The idea here is to break the problem down into two parts:

  1. Modify the Servicer type to accommodate both sync and async implementations
  2. Support an async Stub type

I also didn't try to be 100% type safe with this, since the upstream GRPC code makes that very hard/impossible within the constraints of the Python type system. Instead, I aimed for good-enough, where most errors can be caught, but it won't stop you from e.g. using an async Servicer method in a sync Server.

Servicer type

Here, we need a base Servicer type that can be subtyped by both sync implementations and async implementations. Return types are easy: use a Union which allows either Awaitable return or direct sync return.

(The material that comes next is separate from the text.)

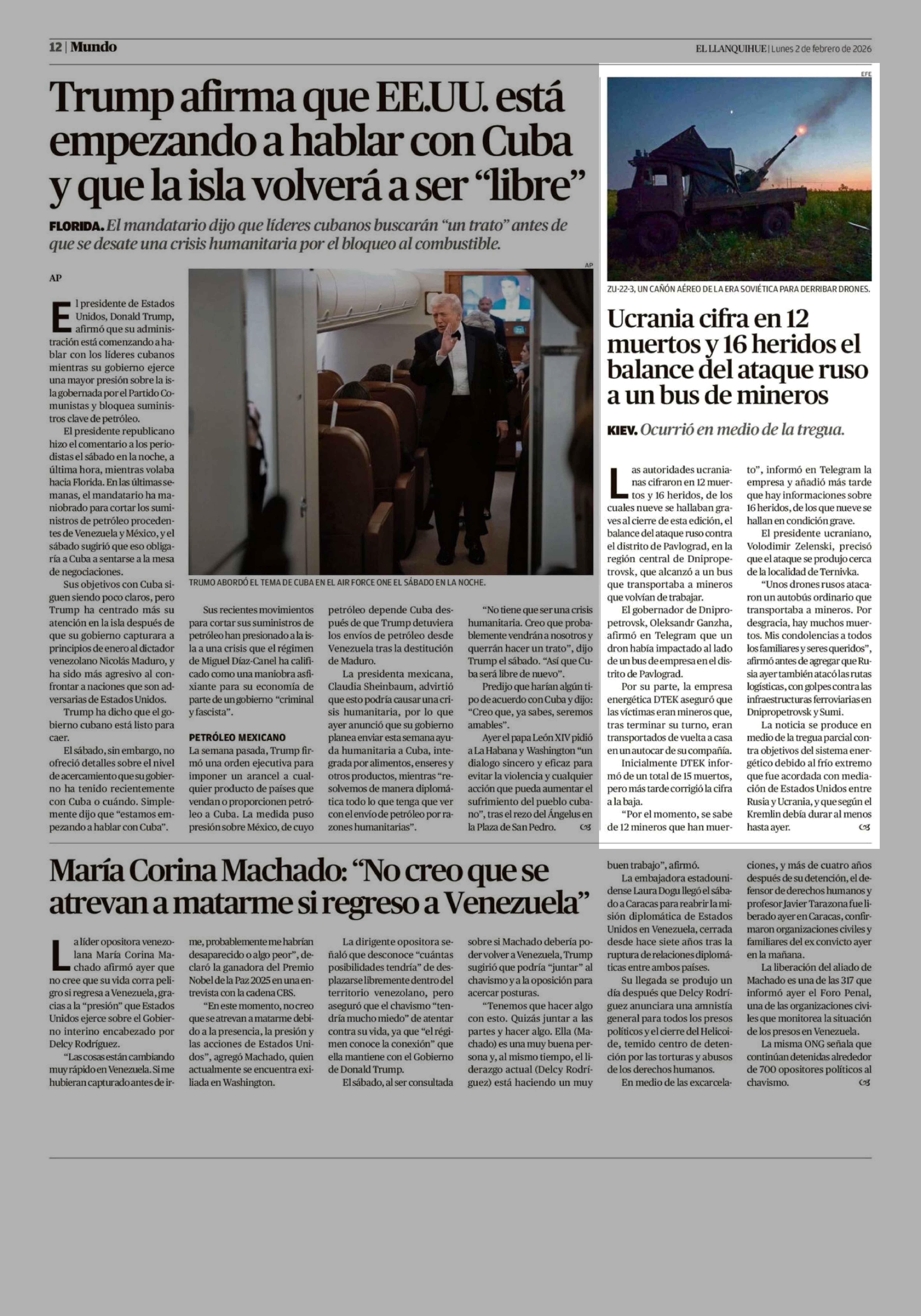 Ucrania cifra en 12 muertos y 16 heridos el balance del ataque ruso a un bus de mineros 02-02-2026 El Llanquihue |

Streaming request parameters are more difficult: I used a bit of hackery to allow subtyping by both Iterator and AsyncIterator, by defining a _MaybeAsyncIterator base class that inherits from both Iterator and AsyncIterator, and ignores the resulting method definition clash errors. Since _MaybeAsyncIterator is never actually used in implementations, this seems alright.

Stub type

I tried all sorts of stuff here:

In the end, I settled on defining a new type (that doesn't exist at runtime), AsyncStub, that directly implements the async stub type. Users need to manually cast to this type, but after that initial creation it does work as you'd expect.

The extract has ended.